**Your instructions:** The following data has a line with "Baby Luallen is" and a line with "接着,按照预定方案进行了消防". Write out exactly those lines and all the lines between them.

**The input:**
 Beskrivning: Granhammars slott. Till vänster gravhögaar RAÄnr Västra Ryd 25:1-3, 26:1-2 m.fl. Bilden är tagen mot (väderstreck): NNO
---
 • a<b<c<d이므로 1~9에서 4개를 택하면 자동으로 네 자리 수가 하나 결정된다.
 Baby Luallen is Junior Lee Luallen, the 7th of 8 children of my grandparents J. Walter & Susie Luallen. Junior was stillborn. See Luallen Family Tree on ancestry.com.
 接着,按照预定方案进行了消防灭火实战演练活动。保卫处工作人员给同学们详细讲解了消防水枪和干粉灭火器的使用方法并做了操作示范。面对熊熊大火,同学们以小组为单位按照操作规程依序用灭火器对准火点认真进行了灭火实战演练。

**Expected output:**
 Baby Luallen is Junior Lee Luallen, the 7th of 8 children of my grandparents J. Walter & Susie Luallen. Junior was stillborn. See Luallen Family Tree on ancestry.com.
 接着,按照预定方案进行了消防灭火实战演练活动。保卫处工作人员给同学们详细讲解了消防水枪和干粉灭火器的使用方法并做了操作示范。面对熊熊大火,同学们以小组为单位按照操作规程依序用灭火器对准火点认真进行了灭火实战演练。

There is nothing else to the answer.